Why the Gateway Is the Right Place
The argument against a gateway usually goes: "it's a single point of failure, and it adds latency." Both concerns are addressable through redundancy and co-location. The argument for a gateway is harder to dismiss: without one, you are distributing your authentication and rate-limiting logic across every service team, every language runtime, and every deployment cycle in the organization.
When auth logic lives in fifteen services, a CVE in your JWT library requires fifteen coordinated deployments. When rate limiting is per-service, a badly-behaved API consumer can hammer one endpoint while staying safely under every individual service's threshold. When logs are inconsistent, correlating a cascade failure across services becomes archaeological work.
The gateway centralizes: authentication, authorization policy enforcement, rate limiting, request/response transformation, TLS termination, routing, and observability instrumentation. Services behind the gateway can focus on their domain logic and trust that the edge has already validated the caller.
Rate Limiting Strategies
Three algorithms dominate gateway-level rate limiting, and they are not interchangeable.

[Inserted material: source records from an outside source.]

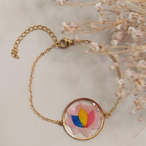 Introducing the Threefold Flame Bracelet, an exquisite handmade jewel crafted from natural flower petals. This beautiful bracelet is not just a piece of art, but also a symbol of harmony, balance, and protection.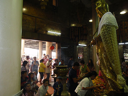 ตั้งใจจะไปทำบุญ ไหว้พระปิดทอง วางเส้นทางไว้หลายโปรแกรม สรุปแล้วมาจบที่เส้นทางสายมหาชัย-ราชบุรี ปกติแล้วผมจะพาครอบครัวไปทำบุญที่วัดหนองหอย พร้อมสักการะปิดทอง-ขอพร เจ้าแม่กวนอิม วันนี้เลยตั้งใจอีกครั้ง ตื่นแต่เช้าไปตลาดซื้อผลไม้ไปไหว้เจ้าแม่ 9.00 น ออกเดินทางสู่เส้นเพชรเกษม นครปฐม ราชบุรี เลี้ยวออกแยกดอนทราย ผ่านเจ็ดเสมียน แล้วข้ามสะพานแม่น้ำแม่กลอง ไปอีก 7 กม. ก็ถึงวัดหนองหอยประมาณ11 โมงกว่าๆ วันนี้ที่วัดคนที่มาทำบุญค่อนข้างบางตาครับแต่ก็ดูแบบสบายๆไม่น้อย ไม่มาก พอดีช่วงที่ผมไปทางวัดมีขบวนเสด็จ ของพระองค์เจ้าศรีรัตน์และพระองค์ทีปังกร เสด็จส่วนพระองค์ที่วัดหนองหอยเลยทำให้บรรยากาศภายในวัดเงียบเพราะห้ามเสียงดัง ถวายของเสร็จ พร้อมทั้งปิดทองเจ้าแม่กวนอิม ก่อนกลับแวะซื้อของที่ระลึก เป็นหยกที่ทำเป็นรูปผักกาด พอดีเพื่อนๆเขาอยากได้ ก็เลยจัดให้.....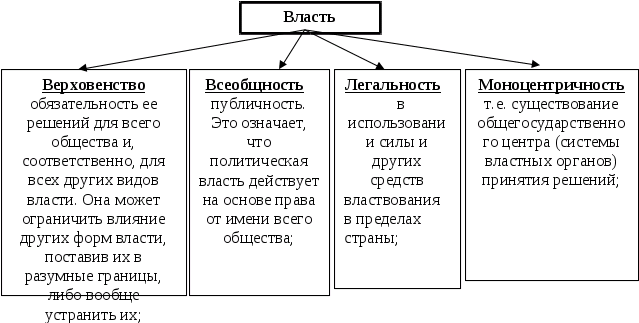 Отличительные признаки власти проистекают из ее природы и выражаются в легальности использования силы, публичности (всеобщности и безличности), многообразии экономических, социальных и других ресурсов, моноцентричности и стремлению к абсолютизации (рис.1).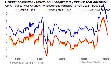 True inflation, using pre-1990 CPI methods, runs 7–8%, not the ~3% headline rate shaped by constant basket substitution. Modern CPI calculations frequently redefine both the basket of goods and how price changes are adjusted - systematically lowering reported inflation compared to pre-1990 methodology.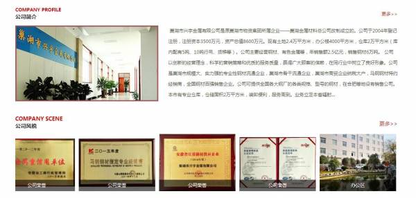 巢湖市*宇金屬有限公司選用我司企業(yè)金屬材料行業(yè)的網(wǎng)站優(yōu)化產(chǎn)品,其SEO關(guān)鍵詞有 巢湖市*宇金屬有限公司。其特點(diǎn)是用很合適的展示方式、展示效果、站點(diǎn)框架,把客戶及其用戶很關(guān)心的問題突出表現(xiàn);并以簡潔明朗的設(shè)計(jì)風(fēng)格,清晰展現(xiàn)公司水平實(shí)力,確保一秒抓住目標(biāo)用戶眼球,給用戶留下良好的第一印象。巢湖市*宇金屬有限公司成立于2004年,是經(jīng)巢湖市市場監(jiān)督管理局審核的有資質(zhì)的公司,其統(tǒng)一社會(huì)信用代碼:91340181756841**7B。公司地址:巢湖市向陽南路與亞父路交叉口居巢經(jīng)濟(jì)開發(fā)區(qū)金屬樓。

Token bucket maintains a bucket with a maximum capacity. Tokens are added at a fixed rate. Each request consumes one token. Bursts are allowed up to the bucket's capacity. This is the right model for APIs where legitimate clients have bursty workloads — a CI pipeline that fires off thirty requests in two seconds and then goes quiet.
Leaky bucket enforces a strictly uniform output rate, queuing or dropping excess requests. It prevents bursts entirely, which is useful when backends are genuinely sensitive to instantaneous load spikes, but it creates head-of-line blocking for legitimate clients during burst.
Sliding window tracks request counts within a rolling time window rather than a fixed bucket. It avoids the boundary-game exploit of fixed windows (where a client sends 100 requests at 11:59:59 and 100 more at 12:00:01 without triggering a 100-req/min limit), and it gives a more accurate view of recent activity than a token bucket's fill-level.
For most production APIs, sliding window per API key is the right default. Token bucket is the right choice when you are explicitly designing for burst tolerance.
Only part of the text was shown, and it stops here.